38.小さな巨人-マダム・オガタ

文字数 1,396文字

1994年7月11日月曜日、午後2時
ルコレ・キャンプ

 UNHCR事務所全体がピリピリしていた。その本部のトップがンガラの難民キャンプを視察することになったからだ。この前のような人質事件が起きれば、どれだけのクビが飛ぶか気が気でなかったのだろう。
 慌ただしく準備するスタッフを見て、何でこの大変な時期に来るのか、という怨み言が伝わってくるようで少し同情した。

 セキュリティー対策のためか、われわれACESには前々日の夕方になってルコレ・キャンプのクリニックへの訪問が伝えられた。


 その車列は午後3時過ぎ、予定よりも1時間以上遅れてルコレのクリニックに着いた。タンザニア警察の警護車両の後を何台もの白い車体に黒く「UN」と描かれたランドクルーザーが続く。

 車を降りたその女性は、1メートル50センチあるかないかの小柄な人だった。彼女が緒方貞子難民高等弁務官その人だった。何人もの大柄なボディーガードと秘書官らに囲まれると隠れて見えない。

 「金魚の糞」とはよく言ったものだ。ボディーガードに囲まれた彼女の後をぞろぞろと、タンザニア政府、国連関係者、現地外交団関係者、そしてマスコミが続く。

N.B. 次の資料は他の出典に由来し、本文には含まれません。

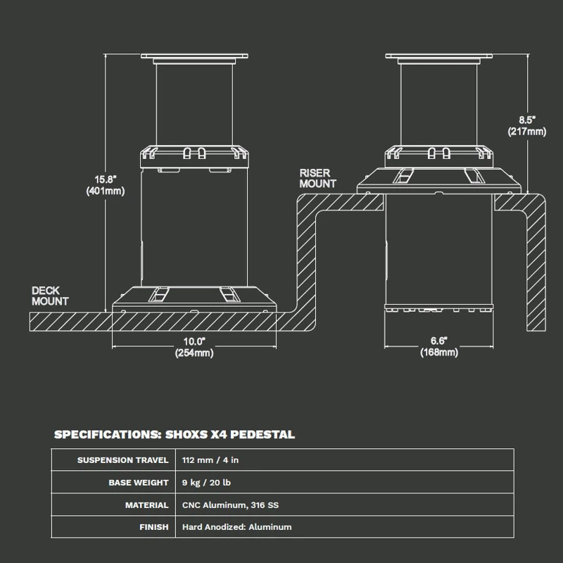 Toolijalg X4-HA on lööke leevendav istmejalg, mis võimaldab teil muuta mis tahes paadiistme põrutust leevendavaks istmeks. Disain põhineb maailma parimatel löökide leevendamise militaartehnoloogiatel. Antud tehnoloogiad on pakitud selle kompaktsesse seadmesse, mis integreerub kõigi turul saadaolevate istmetega. Kõik X4 istmejalad on varustatud vedrustusega.

 ルコレ・キャンプのクリニックの案内はベンが行った。UNHCRの資金でクリニックと託児所が運営されていることを感謝し、ルコレ・キャンプの状況などを簡単に説明した。

「これからもルワンダ難民への支援をお願いします」 彼女はそう言って手を差し出した。
「はい」 と、しか言えなかったが、その小さな手からは想像出来ない強い握手が印象的だった。

「小さな巨人」とはまさに彼女のことだろう。彼女が世界各地の難民キャンプを訪れることでマスコミの注目が集まり、世界も注目する。そして、援助の資金も集まる。受け入れる現場事務所の苦労は大変だが、営業効果は抜群だ。

 到着が遅れたのはルコレに来る前にあったフツ人強硬派との交渉が長引いたからだという。その席上、何が協議されたのかは知る由もなかったが、ルワンダ難民問題はとてつもなく大きく複雑だ。それが彼女の双肩にかかっていた。

 不思議なことにその日以降、しばらくキャンプのフツ人強硬派はおとなしくしていた。それを待つかのようにUNHCRは初めての人口調査をベナコ・キャンプで行い一時的にでも人口の固定に成功した。
 その結果、ベナコの人口はこれまでの35万人から23万人へ、と下方修正された。つまり、4月の難民流入時からほとんど人口は変わらず、逆に当初の25万人より少し減っているくらいだ。
 つまりこれまで彼らによって三分の一以上、12万人分の食料をはじめとする援助物資が水増しされ、横流しなどによって彼らの懐に入っていたことになる。

 正確な人口が把握出来たものの、配給は強硬派が牛耳る難民組織が実施している以上、実際の人数分を配給すると食料などを受け取れない難民が増え、栄養状態が悪化する懸念があった。
 フツ人強硬派が自らの権力と富の源泉を手放すはずがない。

 最終的には餓死者が出て大問題となるとして援助物資はほぼ削減なしの現状維持の方針が取られる。そして、引き続き閉鎖されていない出入り自由の難民キャンプで難民がリサイクルされ、「幽霊難民」の登録者数が増えていった。
 この抜本的見直しがないまま難民組織を通しての支援方法は、キャンプを強硬派が完全に牛耳る最悪の結果につながっていった。